University of Texas Southwestern Medical Center Dallas, Texas, United States
Background/Case Studies: Determination of red cell antibody titers during pregnancy in patients with a positive antibody screen provides valuable information in the diagnosis and management of hemolytic disease of the fetus and newborn (HDFN). Historically, titers have been performed in test tube with manual pipetting and subjective interpretation of results. This can lead to both intra- and inter-observer variability in the reporting of results. Generally, antibody titers of 16 or greater or an increase of greater than one dilution between visits suggest an increased risk of HDFN. Many institutions consider the presence of maternal anti-K1 a potential risk for HDFN, regardless of the titer. With the advent of automated gel methodology in blood bank testing, multiple vendors have received FDA approval to perform antibody titers in gel.

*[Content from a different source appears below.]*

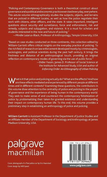 Foreword; John Comaroff Introduction: Police in Practice: Policing and the Project of Contemporary Governance; William Garriott PART I: POLICING THE EVERYDAY 1. Invading the Favela: Echoes of Police Practices Among Brazil's Urban Poor; Benjamin Penglase 2. Policing Methamphetamine: Police Power and the War on Drugs in a Rural US Community; William Garriott PART II: POLICE VIOLENCE 3. Adjusting La Police: the Use of Distance in the Calibration of Legitimate Violence Among the Police Nationale; Kevin Karpiak 4. The Paradox of Police Violence in Democratic Brazil; Teresa Caldeira 5. Dirty Anthropology: Epistemologies of Violence and Ethical Entanglements in Police Ethnography; Beatrice Jauregui PART III: POLICE CULTURE 6. Police as Linking Principle: Rethinking Police Culture in Contemporary Taiwan; Jeffrey T. Martin 7. Thai Police in Refractive Cultural Practice; Eric J Haanstad PART IV: POLICING FUTURES 8. Policing Private Property Against Poverty in Metropolitan Manila; Philip Parnell9. Interpol and the Emergence of Global Policing; Meg Stalcup Afterword; Joseph Masco

This can significantly reduce the subjectivity of interpreting and reporting results. However, because of the increased sensitivity of performing titers in gel versus test tube, the titer results currently used in diagnosis management of HDFN may need to be adjusted.
We report our experience in validating automated gel testing for red cell antibody titers with a planned implementation in June 2025.
Study
Design/Methods: 75 unique samples with known red cell antibodies were evaluated by both standard test tube methodology and the Bio-Rad IH-500 (Hercules, CA) automated gel platform. The titers of both methodologies were then compared with each other. The following antibodies were evaluated: anti-D, anti-C, anti-c, anti-E, anti-e, anti-K1, anti-Fya, anti-Jka, anti-Jkb, Anti-S, anti-s, Anti-M, Anti-N, anti-U and anti-Lua. All cells tested were homozygous for the corresponding antigen except for K1. Only heterozygous (K1, K2) cells were available for anti-K1 testing.

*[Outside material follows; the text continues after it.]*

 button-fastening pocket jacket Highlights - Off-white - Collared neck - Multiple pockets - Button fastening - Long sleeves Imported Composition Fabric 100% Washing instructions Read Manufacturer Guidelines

Results/Findings: With the exception of anti-K1, titer results for all red cell antibodies tested in gel were, on average, two dilutions higher than titers in test tube. Titers of anti-K1 were, on average, one dilution higher in gel versus test tube.
Conclusions: As expected, red cell antibody titers performed in gel were detected at higher dilutions as compared to titers performed in test tube. Using the current accepted titer reference range of 16 or higher for managing potential HDFN, testing in gel could result in unnecessary clinical intervention. A decision has been made at our institution to continue with the current reporting range for six to twelve months. Clinical correlation with the reported titers will then be assessed, and if indicated, the titer reference range for diagnosing possible HDFN can then be adjusted accordingly.